Eran condenadamente guapos. Llevaban tejanos desgastados, cazadoras de cuero y parecían todos recién salidos de una película de Truffaut. Escuchaban a Jacques Brel y coreaban consignas imposibles en la boca del lobo. Así eran nuestros jodidos hermanos mayores aquel mayo del 68. No crean que voy a hacerles una loa. Por más que la efeméride haya despertado el entusiasmo de sus defensores y la crítica de sus detractores, la verdad es que París no dio para tanto. Fue solamente una revuelta juvenil. Eso sí, la primera de la Historia. Las contradicciones de clase, que se remontaban a los orígenes del marxismo, palidecieron ante otra nueva frontera insalvable: la que se abría a los veinte años. Ser joven dejó de ser una simple etapa de la vida para convertirse en un delito maravilloso, la resistencia contra cualquier forma de autoridad. La brecha generacional era sincera en su planteamiento y, hasta cierto punto, lógica y necesaria. Lástima que ninguno de aquellos líderes estudiantiles cayera en la cuenta de que la edad se curaba con el tiempo, por eso muchos de aquellos jóvenes puros con trenca azul marino y mirada de carbonario acabaron, como era de suponer, copando los consejos de redacción de las grandes multinacionales.

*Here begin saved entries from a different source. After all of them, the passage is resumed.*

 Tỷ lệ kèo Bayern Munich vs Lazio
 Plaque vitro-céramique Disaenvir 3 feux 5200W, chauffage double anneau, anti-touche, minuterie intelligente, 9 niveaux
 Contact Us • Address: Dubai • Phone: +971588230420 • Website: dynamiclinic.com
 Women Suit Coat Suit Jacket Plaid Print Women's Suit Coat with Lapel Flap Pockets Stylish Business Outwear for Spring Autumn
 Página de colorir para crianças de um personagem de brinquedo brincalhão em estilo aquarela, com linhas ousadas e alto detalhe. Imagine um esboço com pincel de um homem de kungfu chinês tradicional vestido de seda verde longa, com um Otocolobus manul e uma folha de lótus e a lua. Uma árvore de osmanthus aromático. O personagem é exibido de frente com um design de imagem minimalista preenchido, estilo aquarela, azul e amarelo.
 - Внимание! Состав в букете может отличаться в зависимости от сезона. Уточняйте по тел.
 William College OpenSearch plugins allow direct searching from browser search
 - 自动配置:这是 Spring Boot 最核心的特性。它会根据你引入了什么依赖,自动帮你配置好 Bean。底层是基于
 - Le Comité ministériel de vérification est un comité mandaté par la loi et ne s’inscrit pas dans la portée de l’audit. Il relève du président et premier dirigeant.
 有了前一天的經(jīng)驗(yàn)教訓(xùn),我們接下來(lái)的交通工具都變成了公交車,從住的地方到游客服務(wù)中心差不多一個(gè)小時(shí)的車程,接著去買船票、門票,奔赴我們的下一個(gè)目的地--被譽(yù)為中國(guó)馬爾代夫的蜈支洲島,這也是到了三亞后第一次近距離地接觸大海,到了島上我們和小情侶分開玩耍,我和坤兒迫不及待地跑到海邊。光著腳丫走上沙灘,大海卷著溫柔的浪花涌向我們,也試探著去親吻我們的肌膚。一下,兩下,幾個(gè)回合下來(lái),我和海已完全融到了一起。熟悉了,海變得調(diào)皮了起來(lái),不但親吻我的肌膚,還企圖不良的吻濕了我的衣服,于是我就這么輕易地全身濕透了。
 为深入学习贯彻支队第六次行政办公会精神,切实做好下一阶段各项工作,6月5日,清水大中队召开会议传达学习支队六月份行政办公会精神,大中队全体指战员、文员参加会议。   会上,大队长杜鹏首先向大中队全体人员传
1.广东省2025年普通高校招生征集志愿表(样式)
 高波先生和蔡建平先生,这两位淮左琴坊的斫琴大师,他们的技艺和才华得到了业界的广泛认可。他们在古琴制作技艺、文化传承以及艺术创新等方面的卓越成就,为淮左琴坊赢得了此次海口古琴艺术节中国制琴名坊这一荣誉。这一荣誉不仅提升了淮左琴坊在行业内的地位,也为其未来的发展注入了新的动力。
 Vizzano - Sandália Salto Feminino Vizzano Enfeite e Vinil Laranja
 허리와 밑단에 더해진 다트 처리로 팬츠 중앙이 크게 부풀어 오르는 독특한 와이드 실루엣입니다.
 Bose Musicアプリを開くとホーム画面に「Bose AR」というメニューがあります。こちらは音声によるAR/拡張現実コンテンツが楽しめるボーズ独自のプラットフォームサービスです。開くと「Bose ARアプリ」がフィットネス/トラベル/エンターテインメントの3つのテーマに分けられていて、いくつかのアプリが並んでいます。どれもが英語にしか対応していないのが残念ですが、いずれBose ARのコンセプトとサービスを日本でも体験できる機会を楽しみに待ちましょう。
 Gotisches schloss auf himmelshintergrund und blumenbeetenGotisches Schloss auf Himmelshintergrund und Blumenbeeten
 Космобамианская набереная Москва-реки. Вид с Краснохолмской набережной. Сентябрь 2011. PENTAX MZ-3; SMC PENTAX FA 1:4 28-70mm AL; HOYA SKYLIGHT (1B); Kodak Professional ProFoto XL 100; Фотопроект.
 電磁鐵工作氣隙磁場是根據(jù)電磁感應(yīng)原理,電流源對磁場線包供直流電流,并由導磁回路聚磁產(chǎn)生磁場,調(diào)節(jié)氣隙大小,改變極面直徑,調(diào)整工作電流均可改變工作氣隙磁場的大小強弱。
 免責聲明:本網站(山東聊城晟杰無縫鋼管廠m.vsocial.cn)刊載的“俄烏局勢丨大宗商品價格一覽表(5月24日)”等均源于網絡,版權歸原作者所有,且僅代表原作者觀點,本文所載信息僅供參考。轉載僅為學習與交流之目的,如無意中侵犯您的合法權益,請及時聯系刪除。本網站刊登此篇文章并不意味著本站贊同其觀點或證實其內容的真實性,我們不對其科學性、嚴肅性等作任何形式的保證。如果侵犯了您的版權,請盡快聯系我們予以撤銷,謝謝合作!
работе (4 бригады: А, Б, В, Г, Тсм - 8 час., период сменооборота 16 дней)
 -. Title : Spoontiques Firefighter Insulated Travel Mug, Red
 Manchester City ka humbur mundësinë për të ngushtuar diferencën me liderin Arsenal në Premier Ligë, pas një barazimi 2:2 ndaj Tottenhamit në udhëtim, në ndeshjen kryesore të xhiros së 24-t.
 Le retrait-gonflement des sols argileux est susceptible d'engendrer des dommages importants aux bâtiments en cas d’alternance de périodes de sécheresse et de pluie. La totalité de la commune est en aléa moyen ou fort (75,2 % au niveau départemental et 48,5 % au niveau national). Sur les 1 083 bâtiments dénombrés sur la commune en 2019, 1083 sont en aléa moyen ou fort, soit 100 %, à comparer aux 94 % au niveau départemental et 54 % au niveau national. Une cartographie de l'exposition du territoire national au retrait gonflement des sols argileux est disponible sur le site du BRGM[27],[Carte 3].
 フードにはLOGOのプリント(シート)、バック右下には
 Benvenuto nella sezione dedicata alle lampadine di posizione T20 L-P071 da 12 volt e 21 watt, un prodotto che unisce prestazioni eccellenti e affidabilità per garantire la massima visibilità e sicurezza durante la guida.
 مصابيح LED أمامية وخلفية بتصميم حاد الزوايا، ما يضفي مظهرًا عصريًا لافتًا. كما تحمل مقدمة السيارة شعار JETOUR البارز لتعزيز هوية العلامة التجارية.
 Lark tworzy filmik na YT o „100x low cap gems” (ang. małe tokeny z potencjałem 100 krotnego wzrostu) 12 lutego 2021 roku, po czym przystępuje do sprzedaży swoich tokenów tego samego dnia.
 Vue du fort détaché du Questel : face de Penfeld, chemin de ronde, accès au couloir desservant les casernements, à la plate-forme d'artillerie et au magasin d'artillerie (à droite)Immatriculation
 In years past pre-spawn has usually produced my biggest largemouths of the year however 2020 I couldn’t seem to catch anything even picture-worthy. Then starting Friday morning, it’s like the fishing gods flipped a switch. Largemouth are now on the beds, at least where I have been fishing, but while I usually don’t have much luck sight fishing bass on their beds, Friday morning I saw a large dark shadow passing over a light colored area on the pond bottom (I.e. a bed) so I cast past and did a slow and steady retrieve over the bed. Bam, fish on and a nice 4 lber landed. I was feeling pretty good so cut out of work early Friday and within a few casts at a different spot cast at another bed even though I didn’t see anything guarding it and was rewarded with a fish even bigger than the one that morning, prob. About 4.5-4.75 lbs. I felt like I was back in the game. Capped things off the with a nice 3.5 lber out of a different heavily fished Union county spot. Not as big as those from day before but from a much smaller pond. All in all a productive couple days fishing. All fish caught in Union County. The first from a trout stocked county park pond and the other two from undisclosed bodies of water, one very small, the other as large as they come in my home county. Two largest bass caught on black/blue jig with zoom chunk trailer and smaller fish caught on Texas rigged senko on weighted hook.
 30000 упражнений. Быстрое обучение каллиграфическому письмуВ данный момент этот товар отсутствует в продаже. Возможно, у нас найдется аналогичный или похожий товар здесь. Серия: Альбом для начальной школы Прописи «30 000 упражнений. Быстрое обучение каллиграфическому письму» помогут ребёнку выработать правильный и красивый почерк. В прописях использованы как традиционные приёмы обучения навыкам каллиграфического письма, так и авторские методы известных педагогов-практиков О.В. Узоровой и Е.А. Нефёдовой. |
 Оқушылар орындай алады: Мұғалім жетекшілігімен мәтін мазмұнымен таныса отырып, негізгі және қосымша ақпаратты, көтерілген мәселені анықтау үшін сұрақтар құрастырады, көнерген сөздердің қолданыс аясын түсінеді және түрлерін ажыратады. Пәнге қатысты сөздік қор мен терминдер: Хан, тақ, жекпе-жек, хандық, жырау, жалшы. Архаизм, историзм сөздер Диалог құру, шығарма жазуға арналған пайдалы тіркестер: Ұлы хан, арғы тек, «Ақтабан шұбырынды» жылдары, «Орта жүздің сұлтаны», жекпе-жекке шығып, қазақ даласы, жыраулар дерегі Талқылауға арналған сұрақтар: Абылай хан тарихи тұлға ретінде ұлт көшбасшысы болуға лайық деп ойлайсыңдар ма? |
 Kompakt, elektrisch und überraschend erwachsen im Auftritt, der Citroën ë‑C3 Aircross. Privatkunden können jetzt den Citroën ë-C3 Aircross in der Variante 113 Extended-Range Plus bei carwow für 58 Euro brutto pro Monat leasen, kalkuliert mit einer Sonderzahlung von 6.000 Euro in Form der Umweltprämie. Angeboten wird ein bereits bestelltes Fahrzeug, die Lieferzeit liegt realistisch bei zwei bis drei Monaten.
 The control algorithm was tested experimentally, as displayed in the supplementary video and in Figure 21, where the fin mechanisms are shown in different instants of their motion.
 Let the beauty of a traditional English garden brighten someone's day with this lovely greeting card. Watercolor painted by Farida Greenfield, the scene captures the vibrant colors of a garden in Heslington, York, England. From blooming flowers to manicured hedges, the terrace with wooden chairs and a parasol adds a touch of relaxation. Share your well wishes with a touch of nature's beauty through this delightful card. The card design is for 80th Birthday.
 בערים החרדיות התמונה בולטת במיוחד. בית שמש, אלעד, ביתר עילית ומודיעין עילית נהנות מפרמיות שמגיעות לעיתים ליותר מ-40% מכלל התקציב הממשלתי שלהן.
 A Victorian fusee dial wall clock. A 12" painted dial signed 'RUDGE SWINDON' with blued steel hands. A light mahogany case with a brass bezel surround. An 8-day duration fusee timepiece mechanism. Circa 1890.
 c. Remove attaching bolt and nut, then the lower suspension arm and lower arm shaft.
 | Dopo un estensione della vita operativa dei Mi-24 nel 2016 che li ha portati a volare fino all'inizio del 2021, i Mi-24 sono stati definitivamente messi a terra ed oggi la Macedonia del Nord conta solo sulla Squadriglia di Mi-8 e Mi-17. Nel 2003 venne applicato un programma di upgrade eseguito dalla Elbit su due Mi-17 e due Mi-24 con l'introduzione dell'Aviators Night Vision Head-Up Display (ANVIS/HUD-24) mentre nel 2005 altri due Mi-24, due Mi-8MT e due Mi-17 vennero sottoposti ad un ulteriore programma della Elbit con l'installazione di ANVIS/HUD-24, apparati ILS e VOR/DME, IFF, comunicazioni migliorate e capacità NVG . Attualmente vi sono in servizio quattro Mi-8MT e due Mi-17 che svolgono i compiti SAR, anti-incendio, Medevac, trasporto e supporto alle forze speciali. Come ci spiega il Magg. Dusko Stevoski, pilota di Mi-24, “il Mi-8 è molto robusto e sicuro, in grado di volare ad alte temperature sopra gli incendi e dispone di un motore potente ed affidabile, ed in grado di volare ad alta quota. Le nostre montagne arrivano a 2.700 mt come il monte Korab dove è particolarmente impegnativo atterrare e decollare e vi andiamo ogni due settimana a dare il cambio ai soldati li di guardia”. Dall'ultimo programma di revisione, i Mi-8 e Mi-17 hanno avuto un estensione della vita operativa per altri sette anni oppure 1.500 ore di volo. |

Nosotros, los que éramos niños entonces, los idolatramos durante una época, porque se parecían a los héroes de las películas de sesión de tarde. Mientras hacíamos los deberes en la mesa de la cocina y aprendíamos la tabla de multiplicar, ellos llegaban tarde a casa con la piel sudorosa y los ojos radiantes como capitanes intrépidos, contando batallas campales como las de los indígenas derviches contra tropas del general Kitchner. Luego las cosas cambiaron, claro. Y a nosotros nos tocó pagar los platos rotos de aquella primavera. Ya no éramos los críos que leíamos las aventuras de los Cinco y hacíamos globos con los chicles Bazoka Joe, sino que empezamos a pensar por nuestra cuenta y a cuestionar la autoridad moral de aquellos hermanos mayores que ahora impartían doctrina desde el púlpito inalcanzable de las células de facultad. Nos obligaban a leer a Marcuse, a Sartre y a Simone de Beauvoir, cuando a nosotros los que de verdad nos gustaban era Joseph Conrad, Blade Runner y los Rolling.

Nos asfixiaron con su poder, se negaron a soltar las riendas y jamás nos cedieron el relevo. Es ley de vida y promesa de muerte. Todas las religiones, desde el cristianismo, están destinadas a acabar en la esclerosis múltiple del dogma. Pero ahora, cuando llueven las críticas como chuzos de punta contra aquella primavera de hace 40 años, no me gustaría terminar este artículo sin recordar que hubo un instante muy hermoso en aquel sueño de buscar la playa debajo de los adoquines. Lo mejor de cualquier revolución siempre es la primera imagen: esa fotografía en blanco y negro de Daniel Cohn-Bendit en una asamblea de la Universidad de Nanterre; el Odeón tomado por los estudiantes; un mitin de Martin Luther King en Memphis; la primavera de Praga antes de que corriera la sangre; el recital de Raimon en la Facultad de Económicas; una pareja besándose delante de la policía en el cruce del bulevar Saint Mitchel con Saint Germain; el concierto de Joan Baez en Berkeley; la mirada limpia de Bob Dylan cuando no era nada más que un chico judío que tocaba a la armónica times they're changing...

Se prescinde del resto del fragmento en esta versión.